The investor made the claim in an arbitration proceeding in China against the company, Co-President Guomin Xie and others, and he repeated it Wednesday in a U.S. lawsuit seeking documents from four underwriters of Tencent Music’s initial public offering. The online-music arm of Tencent Holdings Ltd., China’s largest social-media company, is planning to list in the U.S. on Dec. 12.

In the arbitration, Hanwei Guo claims he invested $26 million in an entity called Ocean Music in 2012 after repeated invitations from Xie, who he says promised the company would be profitable within two years and would go public in the U.S. within three. While the company received investments totaling $100 million, Guo says in his filing in federal court in New York, he was told that the business was failing and that he should sell his stake. Xie and his associates hired someone to threaten him with government interference if he didn’t complete the sale, Guo alleges in court documents.

“Faced with threats, coercion and intimidation, and denied access to the information that would have revealed the true value of Ocean Music, Guo sold his shares” while Xie proceeded to build the company into a “streaming giant,” according to the filings.

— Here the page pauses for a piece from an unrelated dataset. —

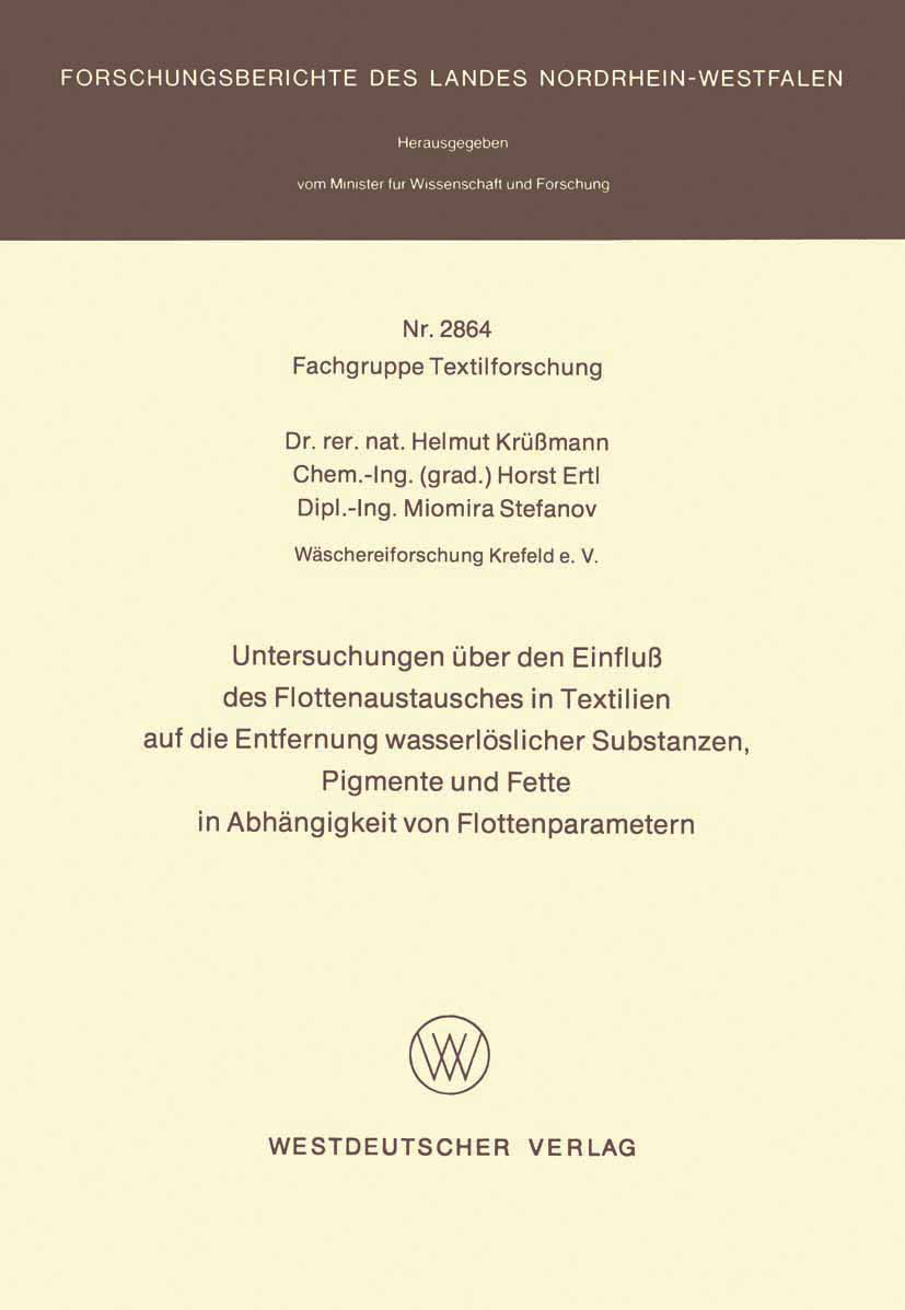 Untersuchungen über den Einfluß des Flottenaustausches in Textilien auf die Entfernung wasserlöslicher Substanzen, Pigmente und Fette in Abhängigkeit von Flottenparametern online kaufen

The arbitration is before the China International Economic and Trade Arbitration Commission. In it, Guo is seeking a return of parts of his equity stakes and compensation for the gains he might have realized, according to court documents.

Beyonce and Taylor Swift

“Historical financial documents and information possessed by Tencent Music’s banking advisers could be highly relevant to Mr. Guo’s claims,” Tai-Heng Cheng, an attorney for Guo, said in a statement. The suit seeks information from underwriters including Deutsche Bank AG, JPMorgan Chase & Co., Bank of America Corp. and Morgan Stanley.

Tencent Music, Deutsche Bank, JPMorgan and Bank of America declined to comment on the litigation. Morgan Stanley didn’t respond to a request for comment.

Guo has flagged the case and his concerns to the U.S. Securities and Exchange Commission ahead of the IPO, according to Greg Marose, a spokesman for the investor.

The SEC declined to comment.

Tencent Music, which competes with products from Alibaba Group Holding Ltd. and NetEase Inc., has been scooping up content. It has deals in place to distribute songs from artists including Beyonce and Taylor Swift after signing up with some of the world’s largest record labels, including Universal Music Group, Warner Music Group and Sony Music Entertainment.

The IPO will let American investors bet on the Chinese market for music-streaming services, which have brought new life to a business plagued by piracy. Tencent’s growth in China mirrors inroads by Spotify in the U.S., where streaming has helped music sales grow at their fastest rate since the 1990s.

Tencent Music’s platforms are becoming important vehicles for U.S. pop stars such as Katy Perry and Rihanna to reach a Chinese audience, alongside homegrown artists including Jason Zhang and Joker Xue. The company will remain closely linked to its parent, Tencent Holdings, which holds 59 percent of the shares before the offering.

The case is In re application of Hanwei Guo, 18-mc-00561, U.S. District Court, Southern District of New York (Manhattan).